[Saved entries]
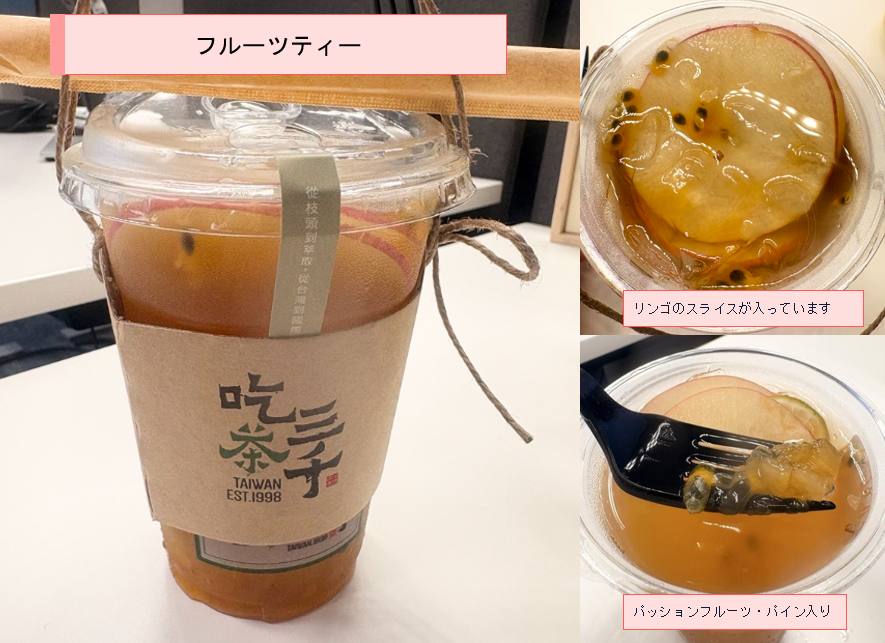 特にオススメは薄切りのリンゴやパイン、パッションフルーツ、桃、レモンがたっぷり入った豪華な一杯。まるでフルーツを食べているような感覚で、おやつ代わりにもぴったりです。軽い昼食の時などは注文します。
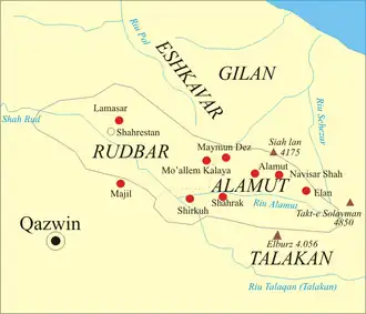 De 1090 à 1256, le territoire d'Alamut fut le domaine de l'État nizârite ismaélien (en), qui comprenait une série de bastions stratégiques dispersés à travers la Perse (dont le château fort d'Alamut qui servit de quartier général à l'État nizârite ismaélien) et la Syrie, chaque forteresse étant entourée de pans de territoire hostile.
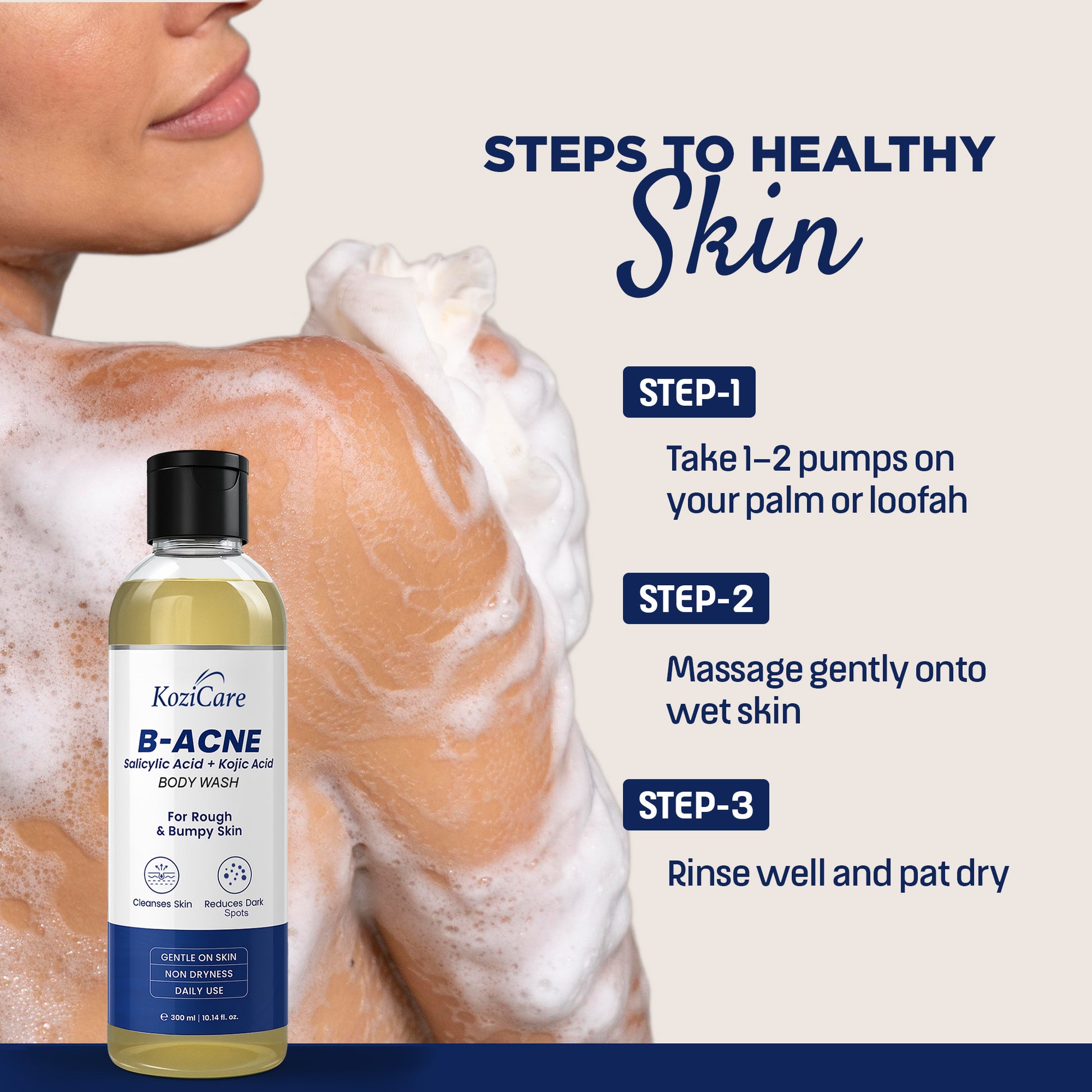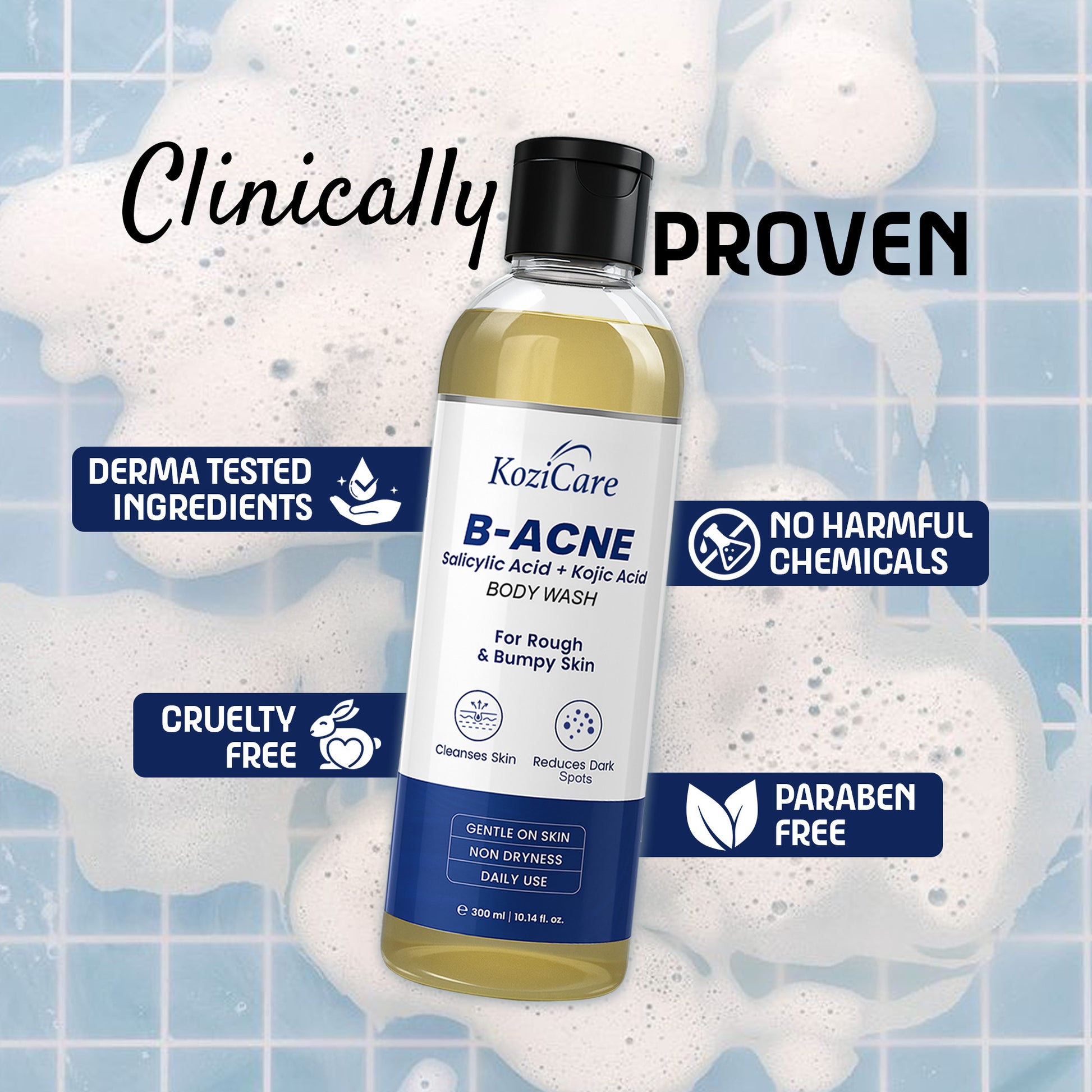 Kozicare Skin Lightening Body Wash Enriched with Kojic Acid, Niacinamide, Alpha Arbutin | Smoothen Rough & Bumpy Skin, Reduces Pigmentation & Dark Spots | For All Skin Types – 300ml
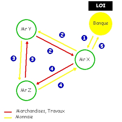 la banque pour se faire construire une maison par Mr Y. Pour rendre l'exemple plus réaliste, introduisons un nouveau personnage, Mr Z. La Banque prête à Mr X (1) Mr X donne la monnaie à Mr Y (maçon) qui lui construit sa maison (2) Mr Y donne la monnaie à Mr Z (charpentier) qui lui fabrique un bateau (3) Mr Z donne la monnaie à Mr X (bûcheron scieur) qui lui a procuré le bois (4). Mr X ayant récupéré la monnaie, il peut la rendre à la banque pour solde du compte (5). Ce qui peut se représenter par la fig.1 : |
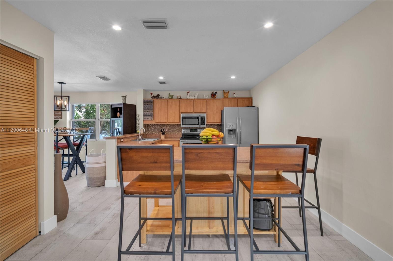 BACK ON MARKET! Previous buyers financing fell through. HAPPY ENERGY FAMILY HOME ready for its new owners. Home is equipped with a GE FULL HOUSE GENERATOR and complete accordion shutters. New modern ceramic tile floors throughout ground level and WATERPROOF wood-vinyl floors upstairs. Stainless steel kitchen appliances with huge mobile island and lots of space in the breakfast area to use as a second dining area, office, or playroom! All bathrooms have updated vanities and main bathroom has a fully remodeled shower. Flat tile roof age 2011 and A/C is 2010 (perfect condition.) Serene backyard remodeled with travertine floors and turf grass. The huge propane tanks in backyard are to serve the full house generator with enough propane to run the home for 3 weeks!
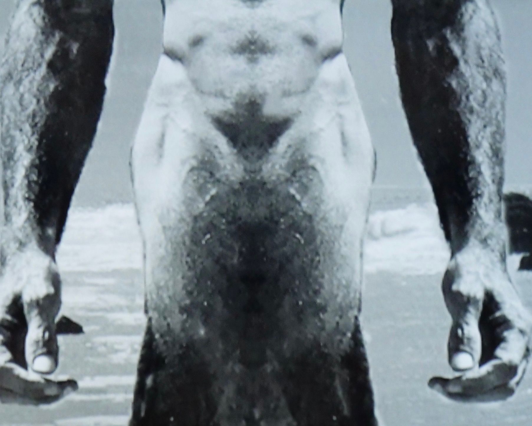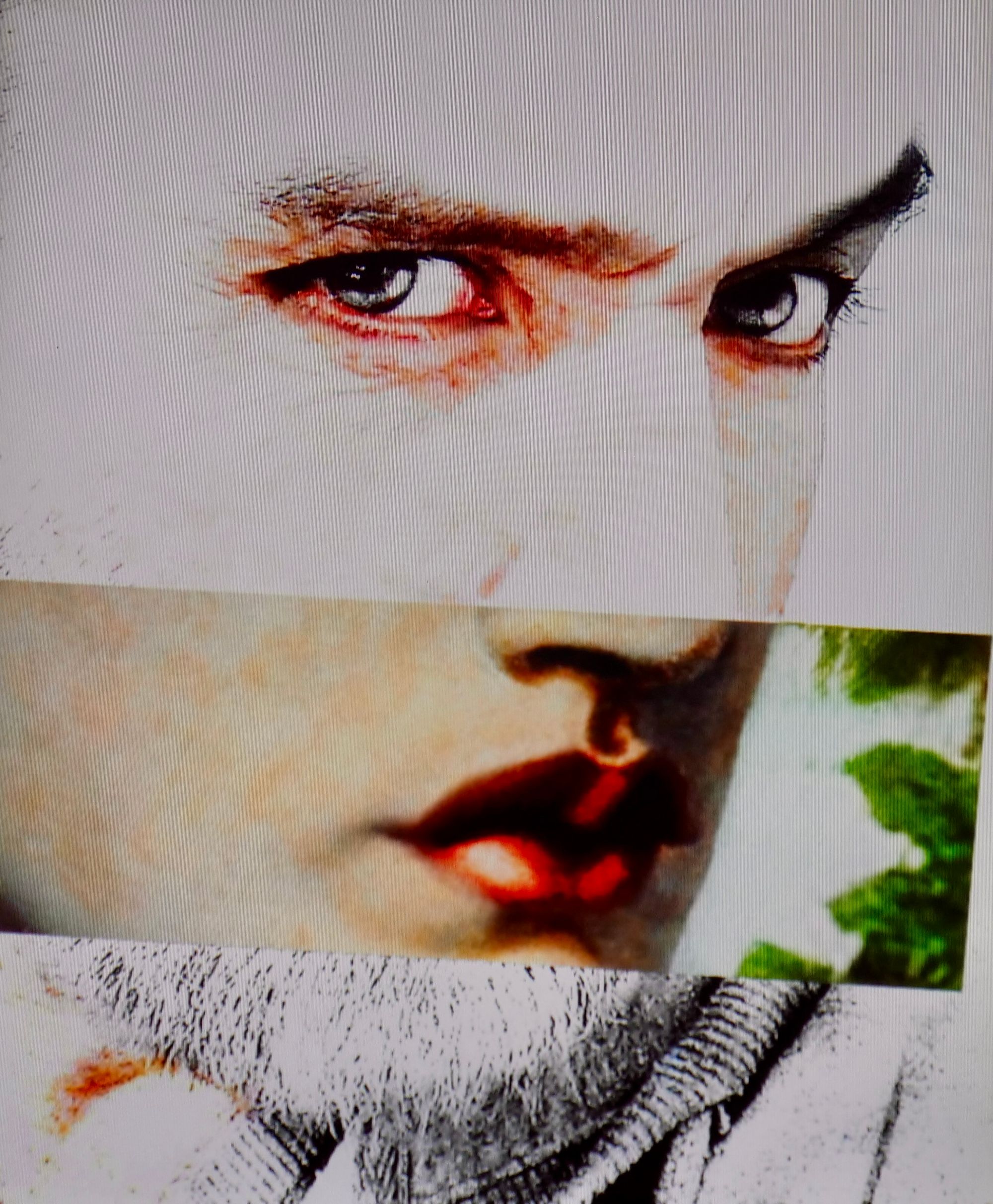 at the other end of the room demanding and confusing images stare out from the walls

## Assignment
Output the lines above in full and exactly. Leave out every picture.

## Your response
 特にオススメは薄切りのリンゴやパイン、パッションフルーツ、桃、レモンがたっぷり入った豪華な一杯。まるでフルーツを食べているような感覚で、おやつ代わりにもぴったりです。軽い昼食の時などは注文します。
 De 1090 à 1256, le territoire d'Alamut fut le domaine de l'État nizârite ismaélien (en), qui comprenait une série de bastions stratégiques dispersés à travers la Perse (dont le château fort d'Alamut qui servit de quartier général à l'État nizârite ismaélien) et la Syrie, chaque forteresse étant entourée de pans de territoire hostile.
 Kozicare Skin Lightening Body Wash Enriched with Kojic Acid, Niacinamide, Alpha Arbutin | Smoothen Rough & Bumpy Skin, Reduces Pigmentation & Dark Spots | For All Skin Types – 300ml
 la banque pour se faire construire une maison par Mr Y. Pour rendre l'exemple plus réaliste, introduisons un nouveau personnage, Mr Z. La Banque prête à Mr X (1) Mr X donne la monnaie à Mr Y (maçon) qui lui construit sa maison (2) Mr Y donne la monnaie à Mr Z (charpentier) qui lui fabrique un bateau (3) Mr Z donne la monnaie à Mr X (bûcheron scieur) qui lui a procuré le bois (4). Mr X ayant récupéré la monnaie, il peut la rendre à la banque pour solde du compte (5). Ce qui peut se représenter par la fig.1 : |
 BACK ON MARKET! Previous buyers financing fell through. HAPPY ENERGY FAMILY HOME ready for its new owners. Home is equipped with a GE FULL HOUSE GENERATOR and complete accordion shutters. New modern ceramic tile floors throughout ground level and WATERPROOF wood-vinyl floors upstairs. Stainless steel kitchen appliances with huge mobile island and lots of space in the breakfast area to use as a second dining area, office, or playroom! All bathrooms have updated vanities and main bathroom has a fully remodeled shower. Flat tile roof age 2011 and A/C is 2010 (perfect condition.) Serene backyard remodeled with travertine floors and turf grass. The huge propane tanks in backyard are to serve the full house generator with enough propane to run the home for 3 weeks!
 at the other end of the room demanding and confusing images stare out from the walls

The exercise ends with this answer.